UK environmentalist James Lovelock, who posited the Gaia theory that the Earth operates as a giant, self-regulating super-organism, now sees nuclear energy as key to our planet’s future health. ”Civilization is in imminent danger,” he warns, “and has to use nuclear—the one safe, available energy source—or suffer the pain soon to be inflicted by our outraged planet.”

In a recent edition of the Massachusetts Institute of Technology’s Technology Review, Stewart Brand writes that nuclear energy’s problems can be overcome and that:

The industry is mature, with a half-century of experience and ever improved engineering behind it. Problematic early reactors like the ones at Three Mile Island and Chernobyl can be supplanted by new, smaller-scale, meltdown-proof reactors like the ones that use the pebble-bed design. Nuclear power plants are very high yield, with low-cost fuel. Finally, they offer the best avenue to a “hydrogen economy,” combining high energy and high heat in one place for optimal hydrogen generation.
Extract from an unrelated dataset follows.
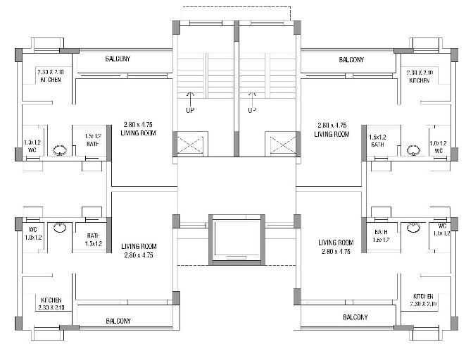 The A type consist the 4 dwelling units per floor, which is maximum dwelling units can be provided in an affordable housing. The passage is provided is provided with the minimum of the 1.55m. The Building have the 1 lift and onecasestairwithtreadof 250mmandriserof150mm. thewholebuildingiskepttheminimumdimensiontokeep thebuiltuparealow

Nuclear energy: a proven alternative

Indeed, nuclear power is already a proven alternative to fossil fuels.

The United States relies on nuclear power for some 20% of its energy needs, and produces nearly one-third of global nuclear energy.

Despite its current limited supply, nuclear energy now provides the vast majority (76.2 per cent) of the US’s emission-free generation.

In 2002, the use of nuclear energy helped the US avoid the release of 189.5 million tons of carbon into the air.

In fact, the electric sector’s carbon emissions would have been 29 per cent higher without nuclear power.

And while hydro, geothermal and wind energy all form an important part of reducing our reliance on fossil fuels, without nuclear energy that reliance will likely never diminish. In 2002, carbon emissions avoided by nuclear power were 1.7 times larger than those avoided by all renewables combined.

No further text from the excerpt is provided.